Posted by: Layzeeboy | March 24, 2010 at 02:15 PM
no muss no fuss
Posted by: MickeyMouse | March 24, 2010 at 02:36 PM
A much better read, about sex, from the NY Times:
http://www.nytimes.com/2003/01/05/books/50-million-frenchmen-can-t-be-wrong.html
"Until now I had thought cassolette involved rabbit and white beans."
"The section on la petite mort -- ''the little death'' -- is an alarming prospect and basis enough for an entire Woody Allen movie."

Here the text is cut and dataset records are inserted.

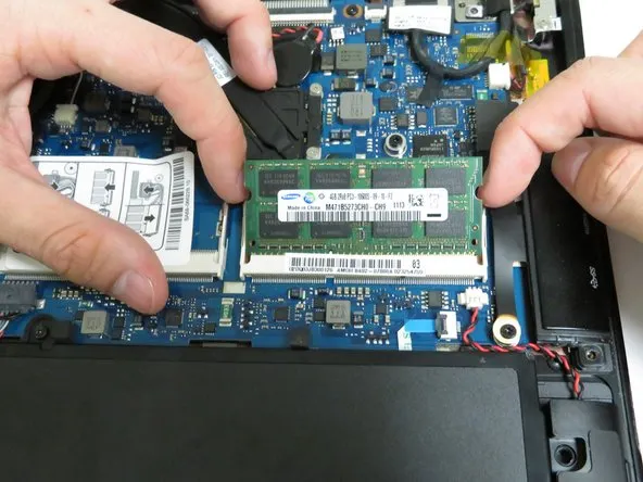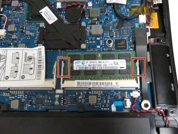 Lanjutkan proses pasang RAM dengan menekan bagian RAM ke kunci RAM. Pastikan kedua kunci RAM mengeluarkan bunyi "Klik" dan terpasang dengan baik. Pastikan juga tidak keras atau tidak ada bagian mengganjal.
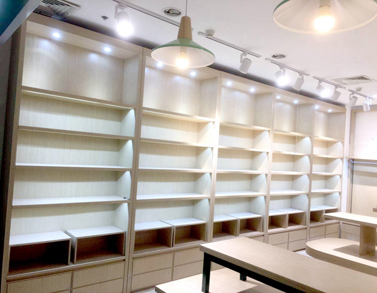 店铺名称: 半打袜 店铺类型: 内衣家居展柜 是否定制: 是 制作尺寸: (常规)尺寸可订做,可按要求设计出效果图 制作材质: 中纤板+灯具+木纹+刀架+五金+A柱 安装地点: 四川成都温江 服务内容: 设计+制作+安装 物流方式: 运输
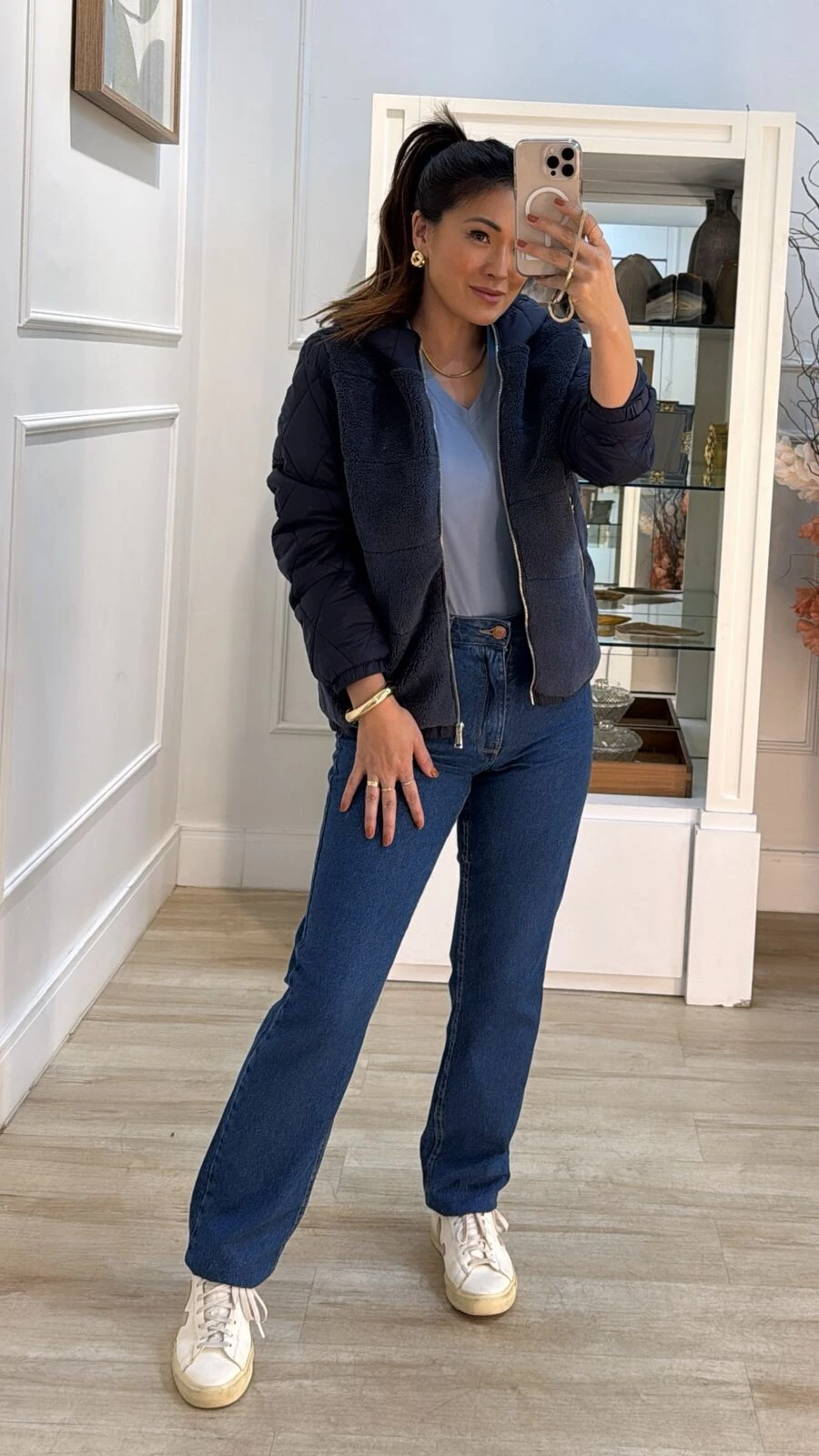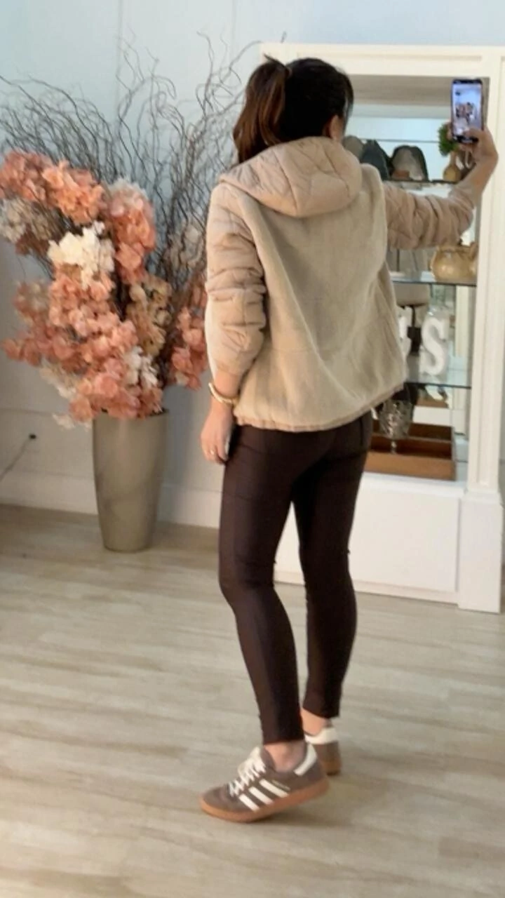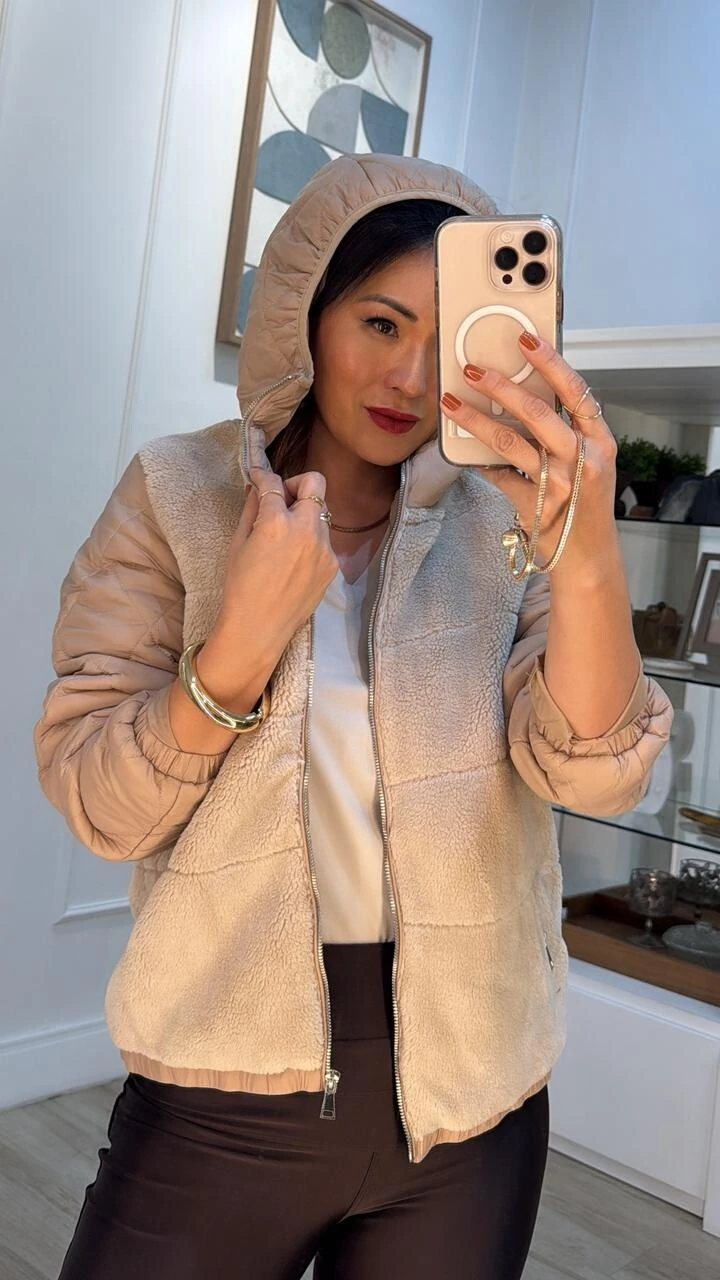 Jaqueta puffer nylon com teddy. Possui forro, capuz com elástico, mangas longas, pespontos em losangos, bolsos frontais, zíper para fechamento frontal da peça e nos bolsos.

Posted by: wiredog | March 24, 2010 at 02:36 PM
That's full strength, all organic horse manure.
You ladies will have to take your solar powered toys outside. Experience nature first hand.
Posted by: Loudmouth | March 24, 2010 at 03:24 PM
nothing like, the real human.
Posted by: MickeyMouse | March 24, 2010 at 03:28 PM
If my toys are solar-powered, then what am I supposed to do at night in the dirty, dirty darkness of my bedroom?
Posted by: Suzy Q | March 24, 2010 at 04:50 PM
Will they start measuring our "Carbon Sheet Prints" now???
Posted by: Bill | March 24, 2010 at 05:03 PM
" Squeeka, squeeka, squeeka, squeeka... "
( We're saving the planet by generating our own electricity. )
Posted by: Clankazoid | March 24, 2010 at 05:47 PM
I thought green sex meant recycling your condoms, or using natural birth control: a leaf held firmly between the knees.
Posted by: Ralph | March 24, 2010 at 06:35 PM
Gag, Ralphie. Picture of the recycling guy finding a pile of used shtupping bags in the bin with the coke bottles.
Posted by: Loudmouth | March 24, 2010 at 07:58 PM
I thought you only had a green weeny until the first time you had sex.. With someone else..
Posted by: Sean | March 24, 2010 at 08:56 PM
The only way peep can truly topple cucumber is with vinegar. Vinegar, mind you, was, invented.